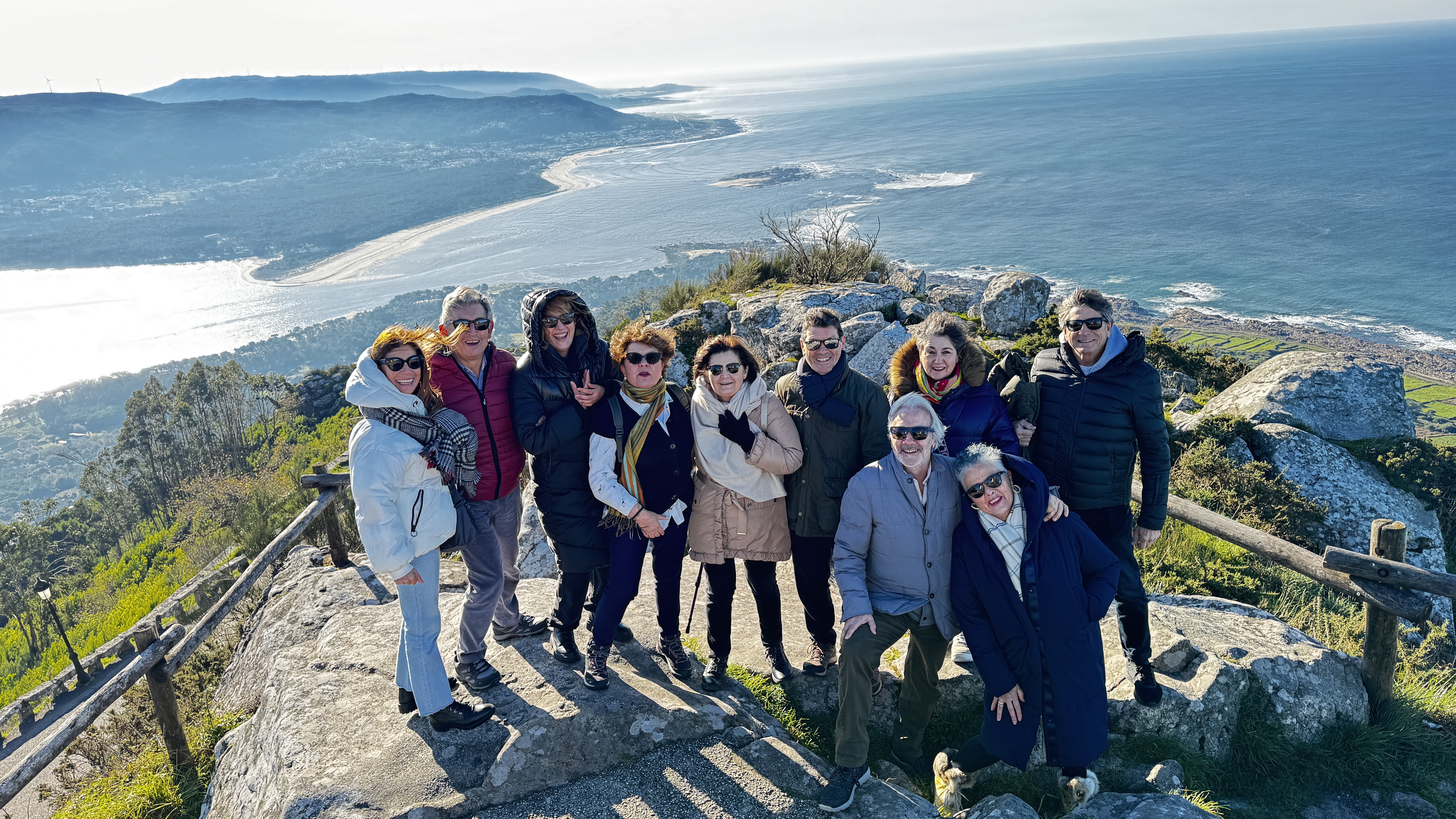 Nuestra primera parada tras abandonar la casa fue el mirador de Santa Tecla, donde pudimos gozar del espléndido día para dominar la vista de la desembocadura del Miño, la costa portuguesa y allí, sobre el terreno, ver el castro que está muy bien rehabilitado, y que la mayor parte de los asistentes ya conocía por visitas anteriores.
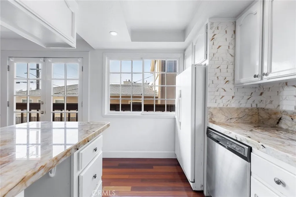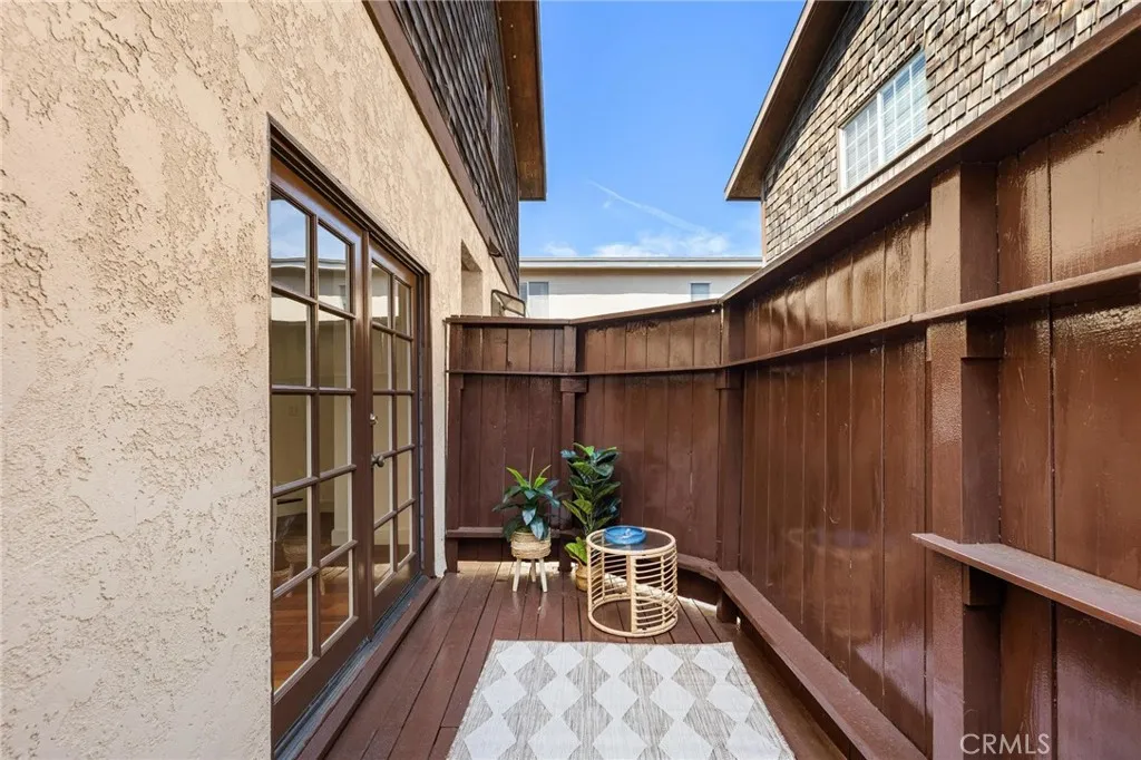 Quietly situated as a rear-unit townhome, 1515 Artesia Blvd Unit #2 is a charming retreat. Upon entry, the home is bathed in natural light and features hardwood floors throughout. The living room includes a fireplace and French doors that open to a private outdoor patio, creating indoor-outdoor flow. Just two steps up, the dining area features a second set of French doors leading to a private terrace and connecting to the adjacent kitchen, which offers ample storage and breakfast bar seating. A powder room and direct access to the two-car garage complete the main level. Upstairs, both bedrooms feature en-suite bathrooms. The primary suite offers vaulted ceilings, a private outdoor terrace, generous natural light, a large walk-in closet, and an en-suite bathroom with a glass-enclosed shower. The secondary bedroom features high ceilings, an en-suite bathroom, and ample storage. An upstairs laundry room with built-in storage and a skylight providing additional natural light completes the upper level. With easy access to downtown Manhattan Beach shops and dining, as well as LAX and major freeways just minutes away, 1515 Artesia Blvd Unit #2 presents convenience, charm, and everyday livability.
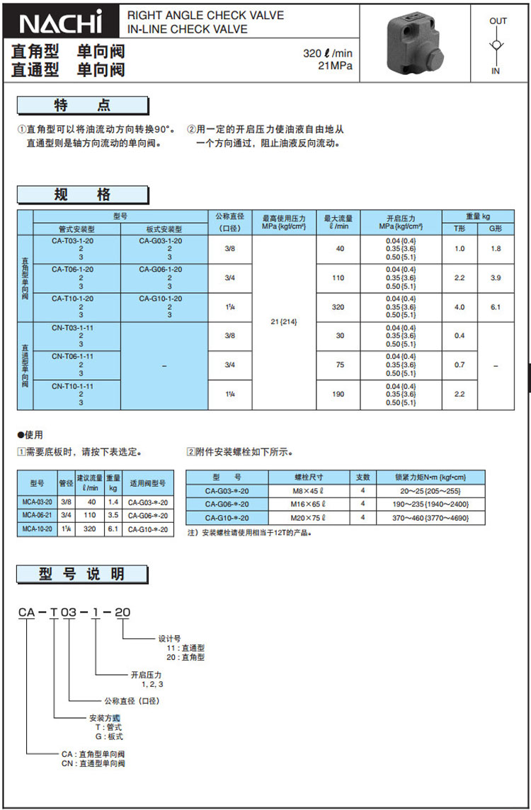 CA-T03,CA-T06,CA-T10,CA-G03,CA-G06,CA-G10,CN-T03,CN-T06,CN-T10,CN-T10-3-11,NACHI單向閥
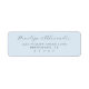 These return address labels feature a minimalist and elegant design with a light blue background, creating a serene and sophisticated look. The layout includes cursive script for names paired with clean, serif block text for addresses, offering a blend of casual elegance and formality. Customizable fields allow personalization, making them perfect for adding a touch of intimacy to your mailings. The soft color palette and ample negative space enhance readability while maintaining a polished aesthetic ideal for any occasion.
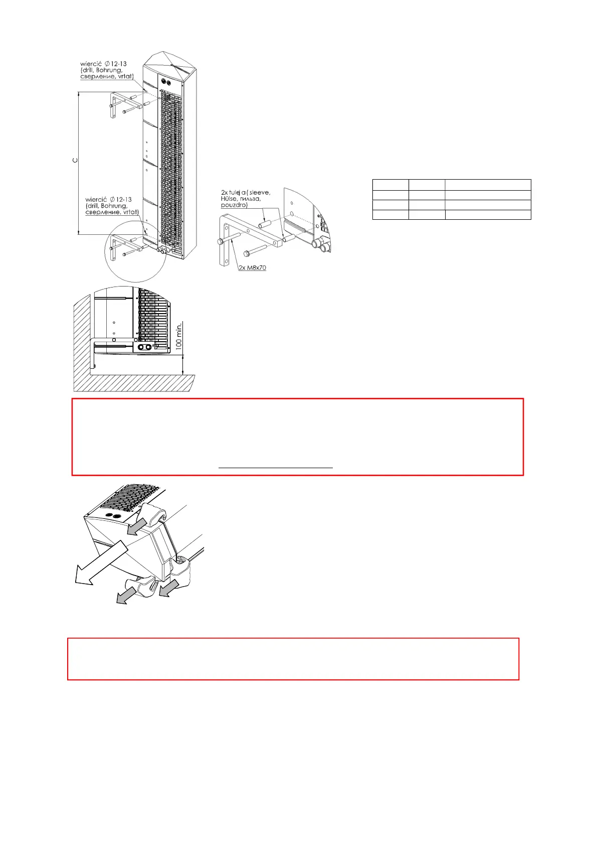 Der Abstand des Gerätes muss mindestens 100 mm vom Boden sein.
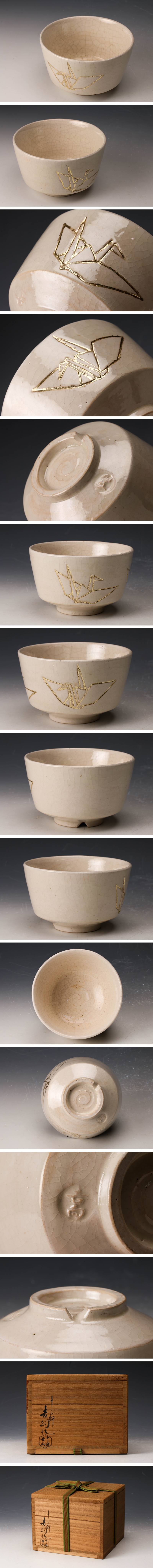 【佳香】八代 吉向十三軒 白鶴茶碗 共箱 茶道具 本物保証
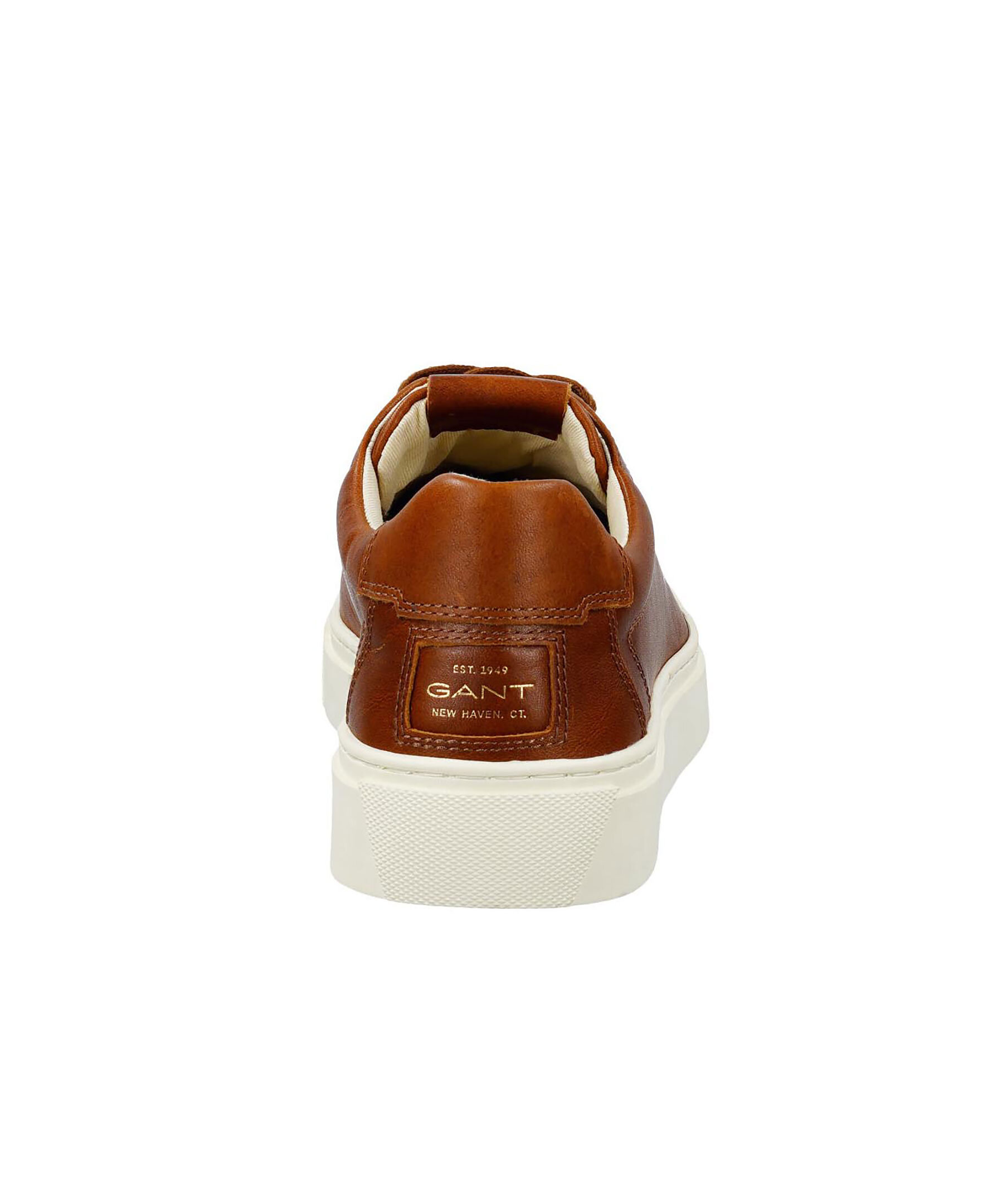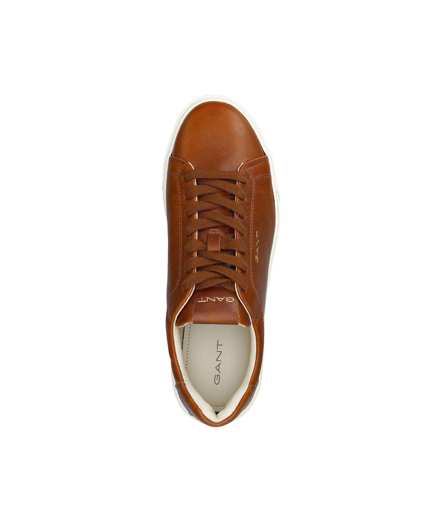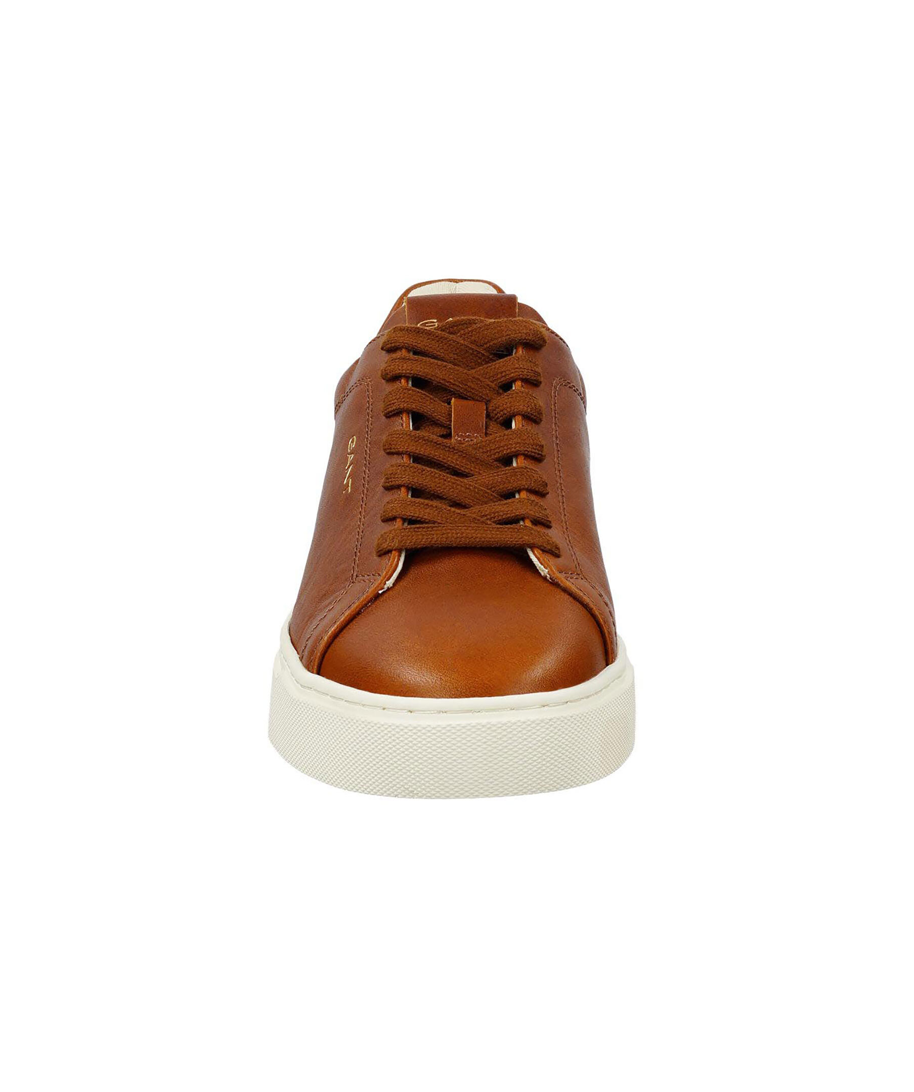 Konjakfärgade sneakers i läder från Gant Footwear. Skorna har beige sula, röd undersida samt logotyp på plösen, utsidan och hälen.

» Work task
Leave the images out as you retype each line of the material exactly.

» Your response
 Nuestra primera parada tras abandonar la casa fue el mirador de Santa Tecla, donde pudimos gozar del espléndido día para dominar la vista de la desembocadura del Miño, la costa portuguesa y allí, sobre el terreno, ver el castro que está muy bien rehabilitado, y que la mayor parte de los asistentes ya conocía por visitas anteriores.
 Quietly situated as a rear-unit townhome, 1515 Artesia Blvd Unit #2 is a charming retreat. Upon entry, the home is bathed in natural light and features hardwood floors throughout. The living room includes a fireplace and French doors that open to a private outdoor patio, creating indoor-outdoor flow. Just two steps up, the dining area features a second set of French doors leading to a private terrace and connecting to the adjacent kitchen, which offers ample storage and breakfast bar seating. A powder room and direct access to the two-car garage complete the main level. Upstairs, both bedrooms feature en-suite bathrooms. The primary suite offers vaulted ceilings, a private outdoor terrace, generous natural light, a large walk-in closet, and an en-suite bathroom with a glass-enclosed shower. The secondary bedroom features high ceilings, an en-suite bathroom, and ample storage. An upstairs laundry room with built-in storage and a skylight providing additional natural light completes the upper level. With easy access to downtown Manhattan Beach shops and dining, as well as LAX and major freeways just minutes away, 1515 Artesia Blvd Unit #2 presents convenience, charm, and everyday livability.
 CA-T03,CA-T06,CA-T10,CA-G03,CA-G06,CA-G10,CN-T03,CN-T06,CN-T10,CN-T10-3-11,NACHI單向閥
 These return address labels feature a minimalist and elegant design with a light blue background, creating a serene and sophisticated look. The layout includes cursive script for names paired with clean, serif block text for addresses, offering a blend of casual elegance and formality. Customizable fields allow personalization, making them perfect for adding a touch of intimacy to your mailings. The soft color palette and ample negative space enhance readability while maintaining a polished aesthetic ideal for any occasion.
 Der Abstand des Gerätes muss mindestens 100 mm vom Boden sein.
 【佳香】八代 吉向十三軒 白鶴茶碗 共箱 茶道具 本物保証
 Konjakfärgade sneakers i läder från Gant Footwear. Skorna har beige sula, röd undersida samt logotyp på plösen, utsidan och hälen.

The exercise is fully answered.